Now with a better understanding of how Baiada approaches the vital task of keeping feed up to its wide range of poultry products, Poultry Digest dived down the ‘Rabbit Hole’ of feed mill history.
Today’s feed mills, supplying both human and livestock requirements, represent significant capital investment and are vital to maintaining production of protein to ever growing populations.

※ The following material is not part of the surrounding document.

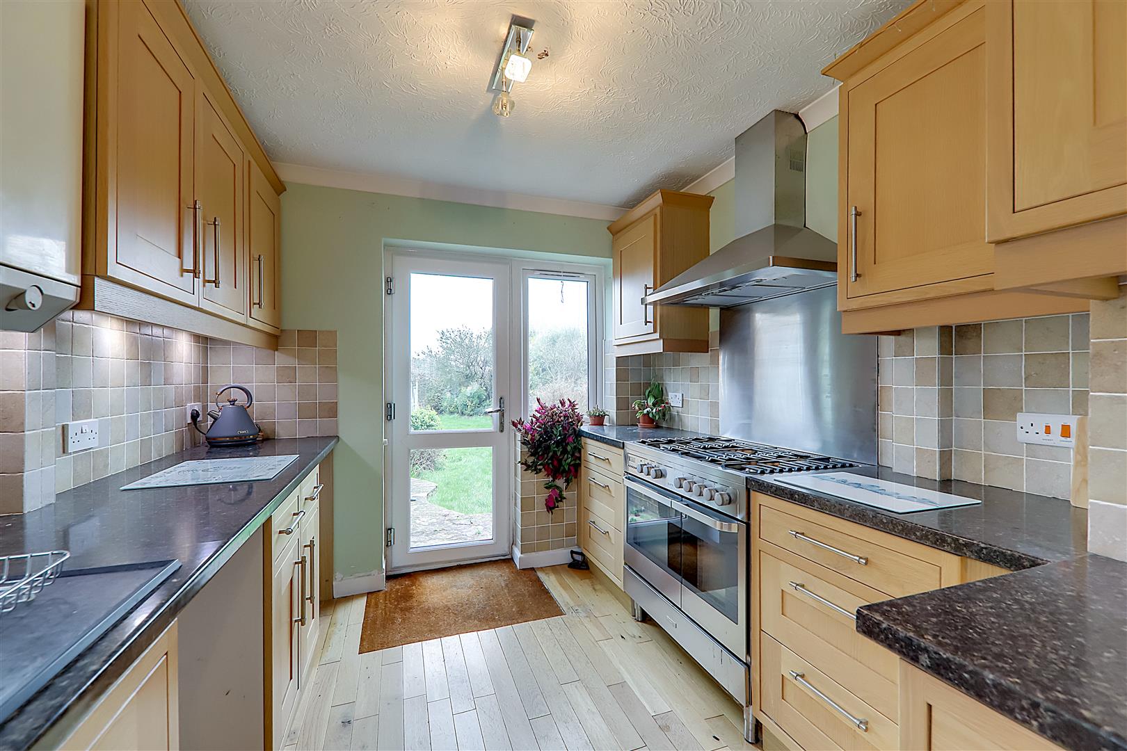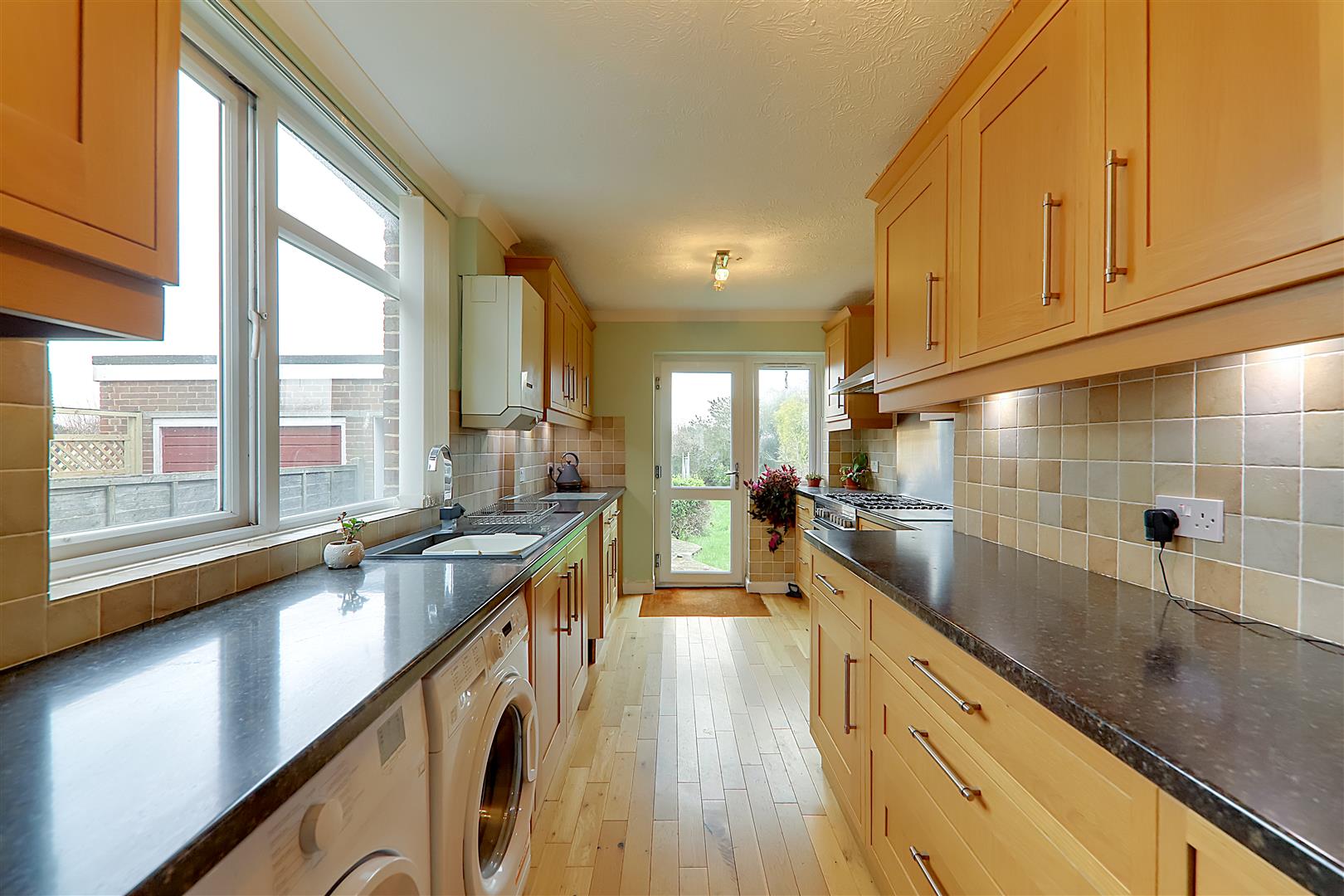 Fitted suite comprising of a single drainer sink unit with mixer taps and having storage cupboard and appliance space below. Areas of rolltop work surfaces offering additional cupboards and drawers under. Matching shelved wall units. Space for range cooker with extractor hood over. Space for washing machine, tumble dryer and further appliances. Radiator. Part tiled walls. Wall mounted Potterton central heating boiler. Wood flooring. Coved and textured ceiling. East and South aspect double glazed windows. Double glazed door to rear garden.

In Australia, 25 million people consume around 50 kg per person per annum and that figure is predicted to rise in the next few years and with that increase there is a need for expanded feed production.
The industry will continue to supply the market as immigration recommences and consumers driven by cost of living, the environment and health concerns continue to eat more chicken meat.
Back in 500 BC the human population had established cultivation of feed crops and the domestication of livestock such as pigs and poultry.
In the middle east and Mediterranean regions, population increase created a huge demand for both human food and their livestock’s feed.
Processing grain by hand was not a long-term option and water power was harnessed to drive the first horizontal disc feed milling.
Archaeologists have established that the earliest water powered feed mills were operating in Byzantium (modern Turkey near Istanbul) in 500BC.
Today Turkey, 2500 years down the track, has not only a vibrant and expanding chicken meat sector but also produces some state-of-the-art feed milling plant and equipment.
The feed mill is central to broiler chicken production and operating those facilities like Beresfield and Cardiff in a safe and efficient manner is vital to providing a major protein source to our growing population.